SmoothSpan Blog

For Executives, Entrepreneurs, and other Digerati who need to know about SaaS and Web 2.0.

Archive for November 11th, 2007

The Value of Social Network Apps

Posted by Bob Warfield on November 11, 2007

Dare Obasanjo writes a good post about the value of Social Networking applications like iLike (music recommendations) and Flixster (movie recommendations).  He correctly points out that the information some of these applications are collecting, in this case music and movie preferences, have huge advertising value.  The advantage Google has had is that by looking at the search, they stand a better chance of catching you when you have intent to purchase.  That’s the Golden Moment for these things.  His objection is that often they show you things that you’ve no intention to purchase ever.  His proposal for Facebook is to add actionable events to some of the newsfeeds associated with the apps.  For example, when you announce you like a movie, add a link so you can purchase tickets in your area.  That’s a great idea, and shows the power of bringing together disparate information in these services.  To make it happen, we gleaned the movie preference from a Social App (Flixster) and we presumably gleaned locale from the profile information of the reader.  This starts to show what can happen with enough information available.  Dare likes it so well he thinks Facebook should buy some of these key properties before a competitor like Google beats them to the punch.

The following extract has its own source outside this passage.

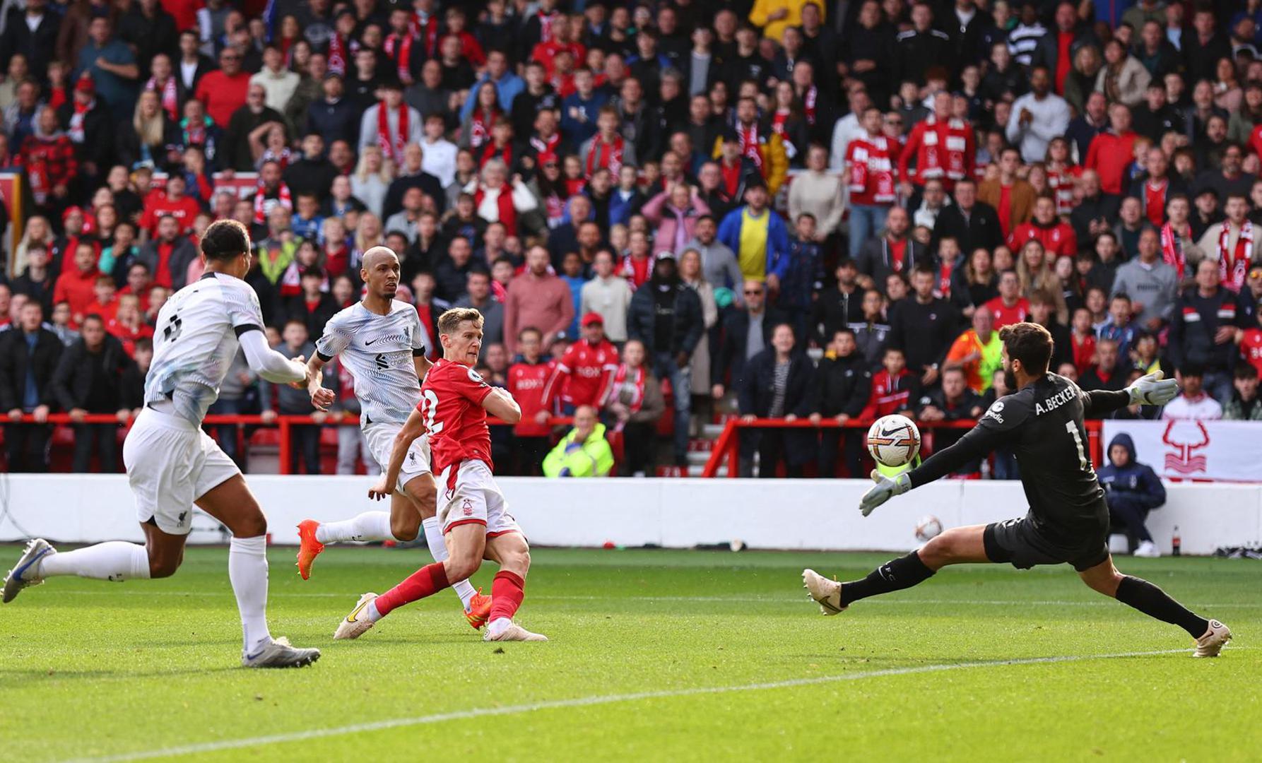Soccer Football - Premier League - Nottingham Forest v Liverpool - The City Ground, Nottingham, Britain - October 22, 2022 Liverpool's Alisson saves a shot from Nottingham Forest's Ryan Yates REUTERS/David Klein EDITORIAL USE ONLY. No use with unauthorized audio, video, data, fixture lists, club/league logos or 'live' services. Online in-match use limited to 75 images, no video emulation. No use in betting, games or single club /league/player publications. Please contact your account representative for further details. Photo: David Klein/REUTERS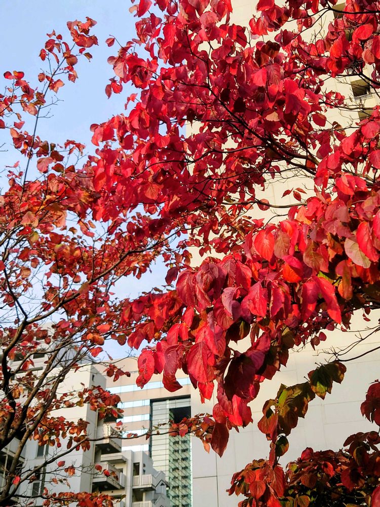 今朝、通勤途中に見かけた桜の紅葉をもう一枚。

A few thoughts.  First, the app owners would be foolish if they didn’t consult Google before selling.  Given the size of Google’s war chest versus others, if we’re down to a game of who can buy more Social Network applets, I wouldn’t bet against Google.  Interestingly, a poster suggests Microsoft ought to buy the applets to deepen their relationship with FB.  That is an interesting move in terms of surrounding FB with different flavors of relationship.  I wonder how long it is before FB can no longer resist temptation and builds some of this applet functionality directly into FB?  One can imagine some sort of generic product/service recommender and tracker that is universal and ties into the other ad initiatives FB is working with.  It would be part of signing up a presence for a brand.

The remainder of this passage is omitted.